Once you’ve collected and cleaned your overall dataset and defined your objective, you can begin analyzing your data. 

As you’ve seen, examining your raw data will do little to inform your strategy. Use your data marketing objectives to build your strategy through the following steps:

  • Determine which demographics or common characteristics will best address your objective.
    This is a process of analysis, discovering where patterns exist within your database and applying them for action. Decide which characteristics would best inform, such as geographic location, age, buying history, communication preferences, or social network use.
  • Segment your data by those characteristics for easier action.
    Dive into your data to discover leads most likely to respond to your marketing campaign and determine how you can best communicate with them.
  • Put the insights unveiled by those groupings into action.
    There are a variety of ways you can put your data analysis to action, including but not limited to ad retargeting, dynamic advertising, paid search results, and even email and direct mail personalization.

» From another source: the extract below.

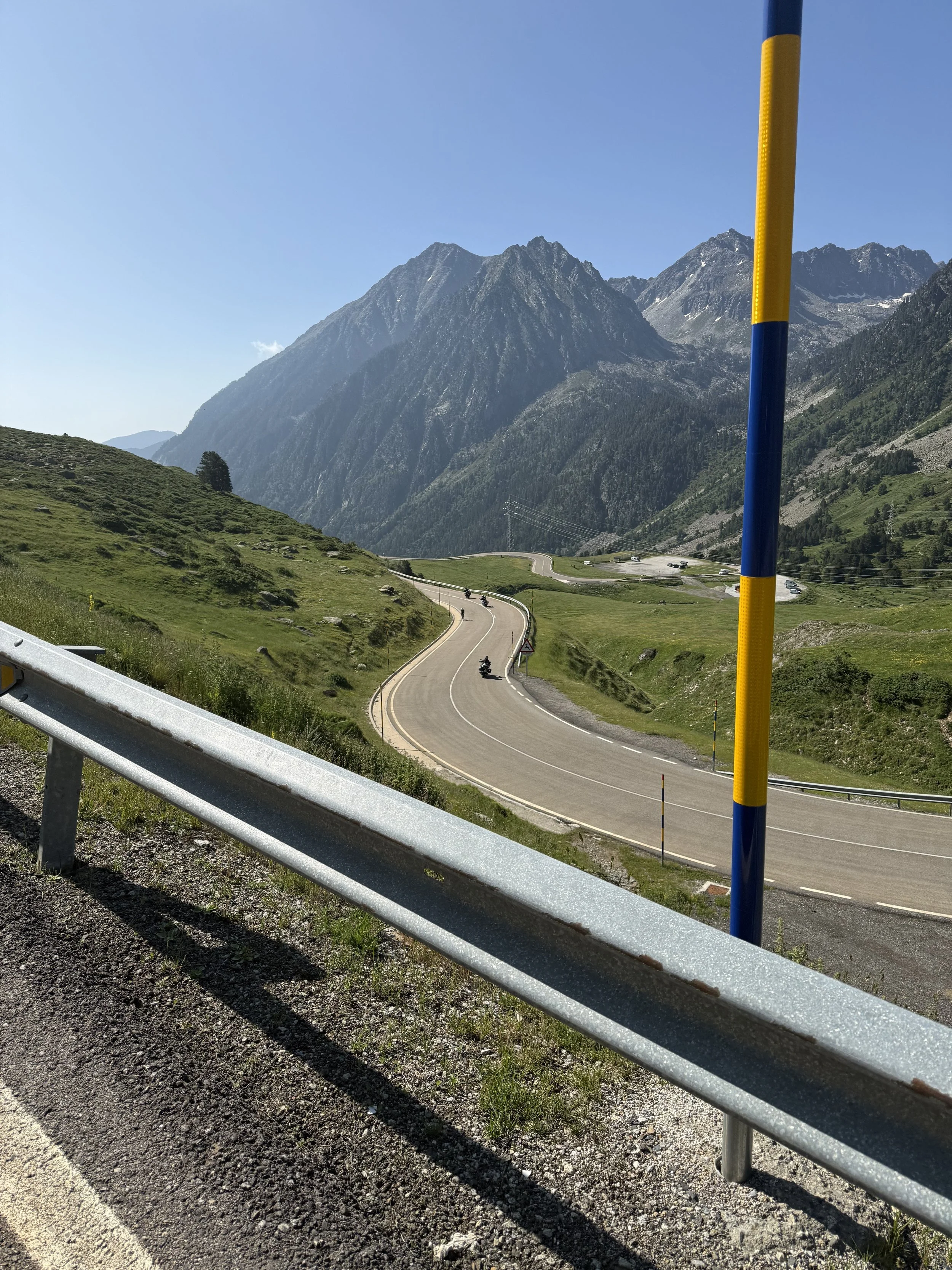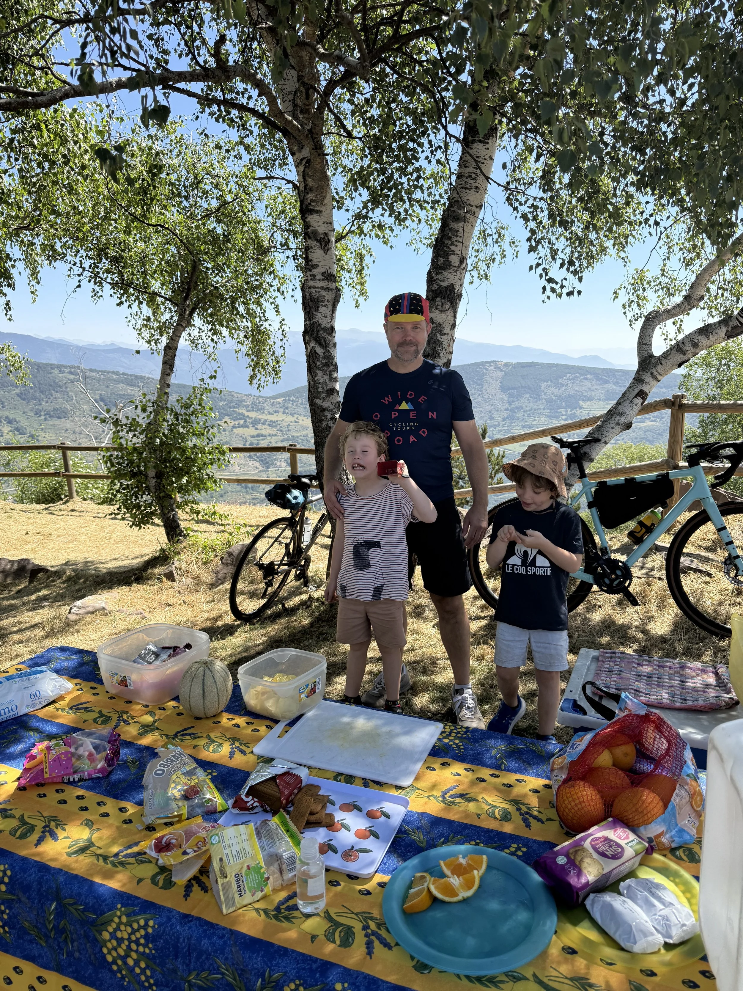Pepe and my two young boys (Max and Leo) took on support duties on the Port del Cantó (1721m), setting up 2 rest stops along the way with snacks, water and dinosaur chocolate biscuits, of course! Big thanks to Alfie for dragging me along the valley that afternoon with a hot headwind. The mountain chalet hotel and pool a welcome relief - I don’t think I was the first cyclist to jump straight in in my lycra!

Ongoing Analysis of The Strategy

The entire point of these strategies is to learn from the data and improve your marketing efforts. It’s essential that you have a strategy in place for analyzing the success of your campaign to continue doing so.

Pay close attention to those who responded to your campaign and those who didn’t. Were there any surprises, such as likely respondents ignoring the effort or unlikely respondents doing the opposite?

Dig deeper to examine why they responded (or didn’t). Do your non-responders or non-buyers share any common characteristics that correlate with their response behavior?

With this predictive analysis, you can identify buyer personas and expand the prospects of your campaigns going forward.

You need a plan for when things go off course. When the next unprecedented event or unexpected challenge arrives, will you have the data you need to adapt?